Il est jugé que le tiers à un contrat peut invoquer, sur le fondement de la responsabilité délictuelle, un manquement contractuel dès lors que ce manquement lui a causé un dommage (voir récemment : Ass. plén., 13 janvier 2020, n° 17-19.963).
Il résulte de l’article L. 271-4 du code de la construction et de l’habitation que le dossier de diagnostic technique annexé à la promesse de vente ou à l’acte authentique de vente d’un immeuble garantit l’acquéreur contre le risque mentionné au 3° du deuxième alinéa du I de ce texte et que la responsabilité du diagnostiqueur se trouve engagée lorsque le diagnostic n’a pas été réalisé conformément aux normes édictées et aux règles de l’art, et qu’il se révèle erroné.
Il convient de rappeler que les toitures font partie des points de contrôle systématique listés en B de l’annexe 13-9 de l’article R. 1334-26 du code de la santé publique.
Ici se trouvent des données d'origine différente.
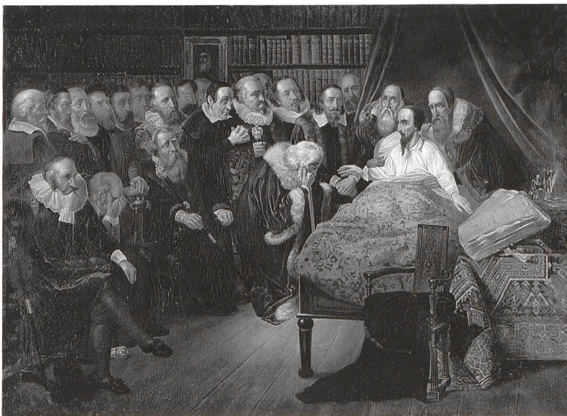
Joseph Hornung, Les Adieux de Calvin , v. 1840, Musée historique de la Réformation, Genève, exposé au Musée international de la Réforme, Genève.

Il n’en demeure pas moins que les vendeurs n’ont pas démenti la société Amidiag lorsqu’elle leur a remis son rapport indiquant ne pas avoir pu examiner la toiture de la grange, rendue inaccessible par la hauteur et la végétation, et soulignant la nécessité de procéder à de nouvelles investigations.
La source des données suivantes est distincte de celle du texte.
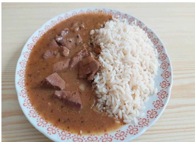
Kuřecí játra, bramborové tolárky, tatarská omáčka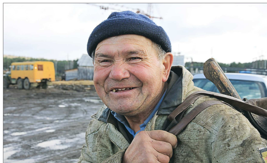
«Старый лесоруб». 2012 год, посёлок Азиатский

M. [O] se contente d’affirmer péremptoirement que la présence d’amiante y était visible à l''il nu, sans en proposer aucune preuve. Il ne peut être tiré une telle conséquence du fait que la toiture litigieuse était accessible presque cinq années plus tard, le 5 mars 2021, lorsqu’il a lui-même fait établir un nouveau diagnostic. Il en va de même en ce qui concerne les photographies non datées issues du site Google maps produites aux débats par M. [S].
Il n’est en conséquence pas démontré que la société Almidiag a commis une faute à l’occasion de son diagnostic. La décision entreprise est donc infirmée en ce qu’elle a :
— déclaré la société Almidiag responsable à l’égard de M. [O] de n’avoir pas mis en 'uvre les moyens lui permettant d’efficacement rechercher l’existence d’amiante sur la couverture de la grange ;
— condamné la société Almidiag à payer à M. [O] la somme de 10 730 euros.
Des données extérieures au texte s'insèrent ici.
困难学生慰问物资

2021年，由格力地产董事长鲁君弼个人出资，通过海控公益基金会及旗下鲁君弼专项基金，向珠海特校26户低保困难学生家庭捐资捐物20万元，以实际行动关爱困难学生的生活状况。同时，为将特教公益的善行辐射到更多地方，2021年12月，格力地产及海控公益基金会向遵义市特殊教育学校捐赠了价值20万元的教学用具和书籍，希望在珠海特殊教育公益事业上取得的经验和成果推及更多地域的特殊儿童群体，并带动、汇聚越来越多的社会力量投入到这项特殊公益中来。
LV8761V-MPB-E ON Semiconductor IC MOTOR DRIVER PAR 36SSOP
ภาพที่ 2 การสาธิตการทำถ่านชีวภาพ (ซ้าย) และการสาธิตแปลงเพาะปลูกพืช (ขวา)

M. [O] est débouté de l’ensemble de ses demandes.
3. Sur les demandes accessoires
En application des articles 696 et 699 du code de procédure civile, il convient de condamner M. [O] aux dépens d’appel et de première instance, avec recouvrement direct au bénéfice de Me Annick Darras. La décision entreprise est réformée en ce sens.
En application de l’article 700 du code de procédure civile, M. [O] est par ailleurs condamné à payer à la société Almidiag la somme indiquée au dispositif du présent arrêt. M. [O] et M. [S] sont déboutés de leurs demandes respectives au titre de leurs frais irrépétibles, et la décision querellée est infirmée du chef des frais irrépétibles de première instance.
PAR CES MOTIFS
La cour, statuant par mise à disposition au greffe, après débats publics, par arrêt par défaut, en dernier ressort,
Infirme le jugement du 17 avril 2024 par le tribunal judiciaire d’Amiens, sauf en ce qu’il a rejeté toutes les autres demandes des parties
Statuant des chefs infirmés, et y ajoutant,
Déboute M. [L] [O] de l’ensemble de ses prétentions ;
Condamne M. [L] [O] aux dépens de première instance et d’appel, avec faculté de recouvrement direct au profit de [Etablissement 1] Annick Darras ;
Condamne M. [L] [O] à payer à la société Almidiag la somme de 5000 euros au titre de ses frais irrépétibles ;
Déboute M. [L] [O] et M. [T] [S] de leurs prétentions respectives au titre de leurs frais irrépétibles.